On 2011-Sep-06 16:44:48 -0600, Manish Vachharajani 
<mani...@lineratesystems.com> wrote:
>Under 7.3 (haven't checked 8 or 9) this issue crops up because the
>time system call calls gettimeofday under the hood (see
>lib/libc/gen/time.c).  As a result, the kernel tries to get an
>accurate subsecond resolution time that simply gets chopped to the
>nearest second.

Under 8.x and later, time(3) uses clock_gettime(CLOCK_SECOND,...)
rather than gettimeofday().  This is intended to be much cheaper
than gettimeofday().

On 2011-Sep-06 21:15:55 -0400, Rayson Ho <raysonlo...@gmail.com> wrote:
>IMO, the time returned by gettimeofday does not need to be high
>precision.
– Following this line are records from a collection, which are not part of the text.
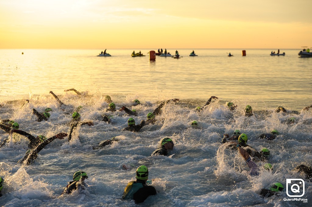 Yo sabía que en este sector era dónde más flojo me había sentido entrenando. No es mi fuerte. No disfruto mucho nadando, pero sí me veía bien para salvar con una buena nota los 3800m y arrancar con optimismo mi sector favorito: el ciclismo. Salimos en tandas de cuatro triatletas cada 5” creo recordar. Vi a Carlos Vives con gorro de neopreno delante de mí. Pensé que a lo mejor debí de traerme el mío. Y lo corroboré cuando metí por primera vez la cabeza en el agua. ¡Ufff, qué fría, por favor! Creo que eran 17 grados, pero me parecieron 10. Ni punto de comparación con la Malvarrosa en Koa Distance en octubre de 2020. Pasé unos primeros metros complicados. Tenía frío. Pero frío de verdad. Sé que muchos no lo notasteis, pero a mí me pareció estar nadando en algún país nórdico.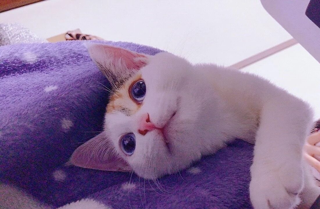 ビー玉のような青い目にピンクの鼻がとってもかわいいきなこちゃん。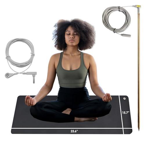 MOKIKUBA Grounding Mat with Grounding Rod Set,Earthing Sleep Yoga Mat Connect to Grounding Pin with 40Ft Wire,Improve Lower Inflammation or Autoimmune Disease ,Sleep Assist,Exercise Fitness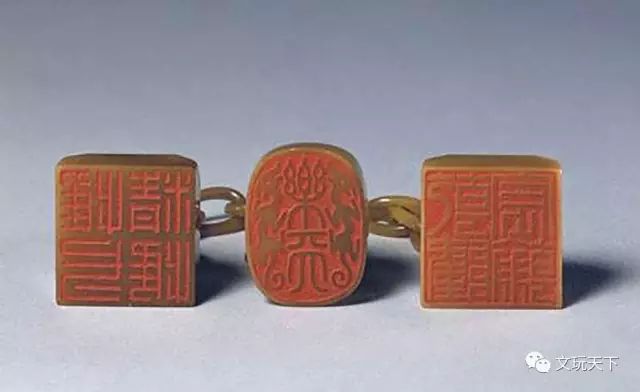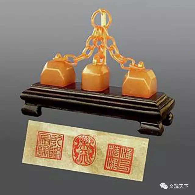 这枚印章叫田黄三连印章,现如今是北京故宫博物院的“镇馆之宝”。乾隆爷是这个世界上拥有宝玺印章最多的皇帝,多达1800多方,如果当时有吉尼斯世界纪录的话,那么乾隆爷绝对是榜上有名!这枚田黄三联印章更是由拥有上千方印章的乾隆爷亲自设计的,备受乾隆爷的青眯。
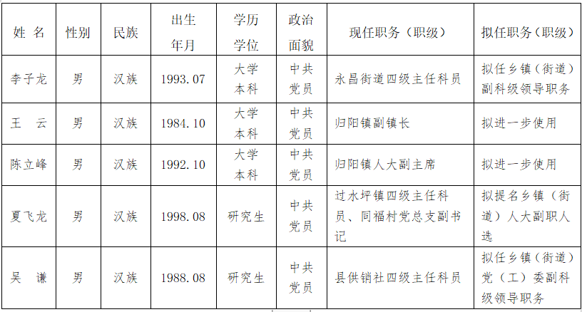 为了加强对干部选拔工作的监督,提高识别和任用干部的准确程度,现对祁东县委常委会会议研究的下列拟任人选进行任前公示:

There are higher resolution time APIs on Linux and I
>believe the application programmers know when to use the slower but
>more accurate clock API.

There are 3 standard APIs for returning time of day:
time(3) provides second precision
gettimeofday(2) provides microsecond precision
clock_gettime(2) provides nanosecond precision

By default, FreeBSD attempts to provide resolution as close as
possible to the precision - which makes the 2 system calls fairly
expensive.  In order to reduce the cost where the resolution isn't
important, FreeBSD provides several non-standard clock types for
clock_gettime(2).  This approach differs from Linux - and it seems
that there is a non-trivial body of code that assumes that calling
gettimeofday() is very cheap.

There is probably a good case for an API that provides a resolution
of the order of a tick but there is no standard for this.